Finished up a batch of six knives today, and cut out, and partially assembled the sheathes for four more. Put a coat of wax on the handles, and they will be ready to ship.

Reactions: Like 5


----------



## Foot Patrol (Jan 1, 2015)

Ron that is a nice days work. I am finishing up 4 myself. What kind of grind are you putting on those badboys?


----------



## Corjack (Jan 1, 2015)

It is a scandi grind, but they are Polar blades from Finland. They are so cheap, I can not afford to make em myself.


----------



## Foot Patrol (Jan 1, 2015)

Corjack said:


> It is a scandi grind, but they are Polar blades from Finland.
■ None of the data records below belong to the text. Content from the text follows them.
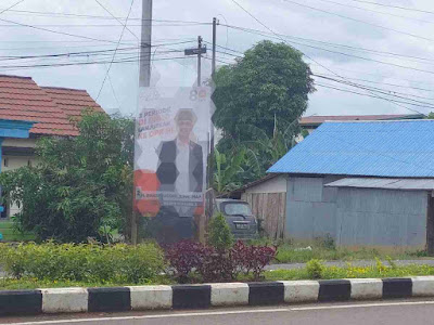 Sejumlah APK masih tampak di tepi jalanan umum di kawasan Kelurahan Gunung Tinggi Kecamatan Batulicin Tanah Bumbu, terdapat pula spanduk Capres fasilitas milik warga.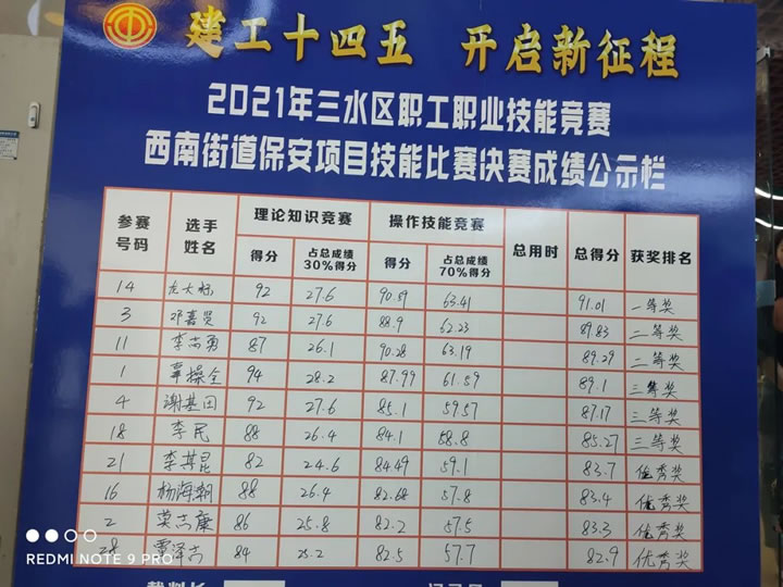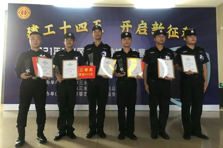 為搭建展示保安職業(yè)技能人才才能的平臺(tái),通過技能練兵、比武競賽,培養(yǎng)一批愛國敬業(yè)、技藝精湛、具有專門技能的人才, 進(jìn)一步提升保安從業(yè)人員的安全服務(wù)技能,推動(dòng)行業(yè)整體服務(wù)水平的不斷提高。9月29日, “建功十四五 開啟新征程” — 2021年三水區(qū)西南街道保安員職業(yè)技能競賽在水都基地職工服務(wù)中心舉行。該競賽由佛山市三水區(qū)總工會(huì)、西南街道總工會(huì)主辦,共有12家單位28名保安員選手參賽,我司代表參賽選手龍大標(biāo)、鄧嘉賢、李志勇、辜操全、李其昆、楊海潮分別獲得一等獎(jiǎng)、二等獎(jiǎng)、三等獎(jiǎng)、優(yōu)秀獎(jiǎng)。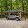 Wooden Carport with Black Steel Roof – Outdoor Vehicle Shelter for Trucks, SUVs & Cars
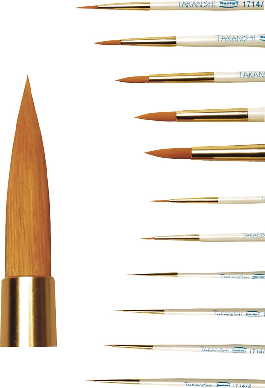 Kunsthaarpinsel mit gleichmäßig spitzer Pinselform. Durch die konisch geformten Fasern ist ein dichterer Haarbesatz möglich. Elastisch, stabil und langlebig. Kein Spreizen und Spalten der Faser.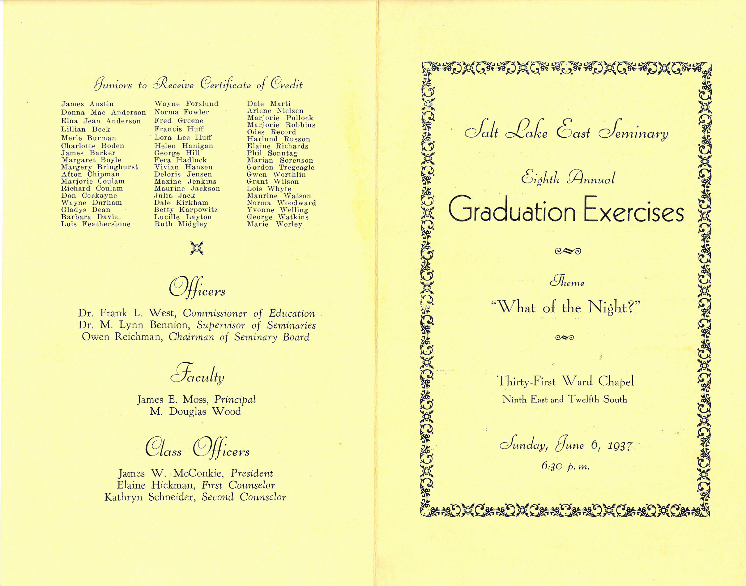 Elaine Hickman Seminary Graduation program 1937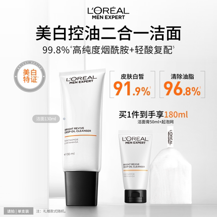 欧莱雅男士耀白洁面乳美白洗面奶控油清洁淡化痘印淡斑提亮烟酰胺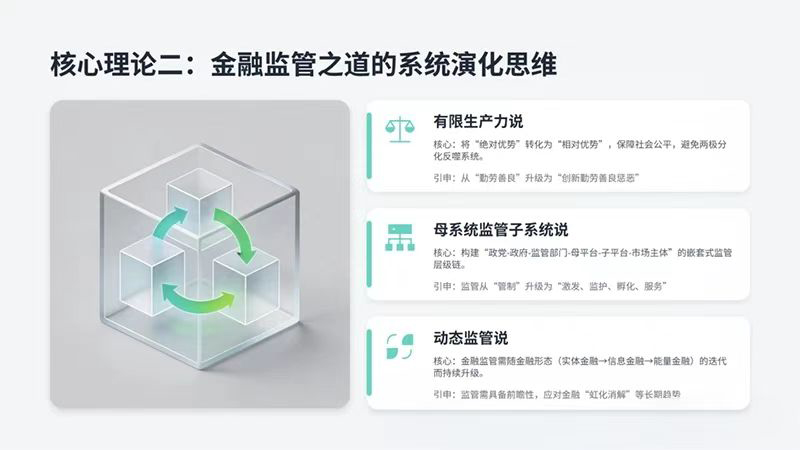 2.系统演化思维:主张金融监管应具备系统观、演化观,构建 “母系统监管子系统” 的嵌套式层级体系,并随金融形态的演进而动态调整。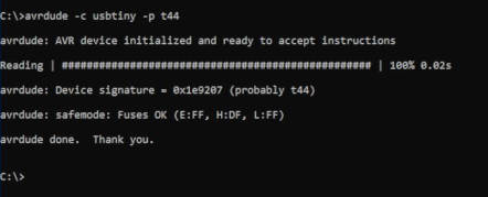 Syntax : avrdude -c {programmer : eg. usbtiny} -p {AVR chip on target board : eg. t44}

They are so cheap, I can not afford to make em myself.



I was lucky when I first started thinking about making knives. I was on a bowhunter site and someone put a KMG up for sale. Price was good so I jumped on it. Been hooked ever since.


----------



## Corjack (Jan 1, 2015)

I try not to have more than three hours in a knife, sheath, and all. That is about my maximum attention span.


----------



## Foot Patrol (Jan 1, 2015)

Lol! I have 3+ hours in hand sanding the blade (pre and post heat treat) and the scales.

Reactions: Agree 1


----------



## Corjack (Jan 1, 2015)

I am just trying to make unique, affordable, using knives. When I sell them, I get, around a 100.00. Give a lot away as gifts. My leatherwork has totally surprised me. I have seen a ton of sheaths on 300.00 plus knives, and the knife makers sheath kinda looks like an afterthought.


----------



## Foot Patrol (Jan 1, 2015)

Your leather work is awesome. You have to keep in mind that a knife maker makes his money on the knife. In my case my significant other does the sheath which allows me more time to spend on the knife side of it.


----------



## Molokai (Jan 2, 2015)

Ron, you make very good leather sheaths. They are simple and very usable. Very good shaping.
Do you make your own brass bolsters for the blanks?


----------



## Corjack (Jan 2, 2015)

Molokai said:


> Ron, you make very good leather sheaths. They are simple and very usable. Very good shaping.
> Do you make your own brass bolsters for the blanks?



Nah, I buy them, and fit them. The first several I made from scratch, but it took about 1.5 hours to cut them out, and fit. Went with the precut ones, takes about 15 minutes to fit. Looks the same when done. 

I enjoy the wood work, and leather work, more than the metal work, so for right now what I am doing suits me.


----------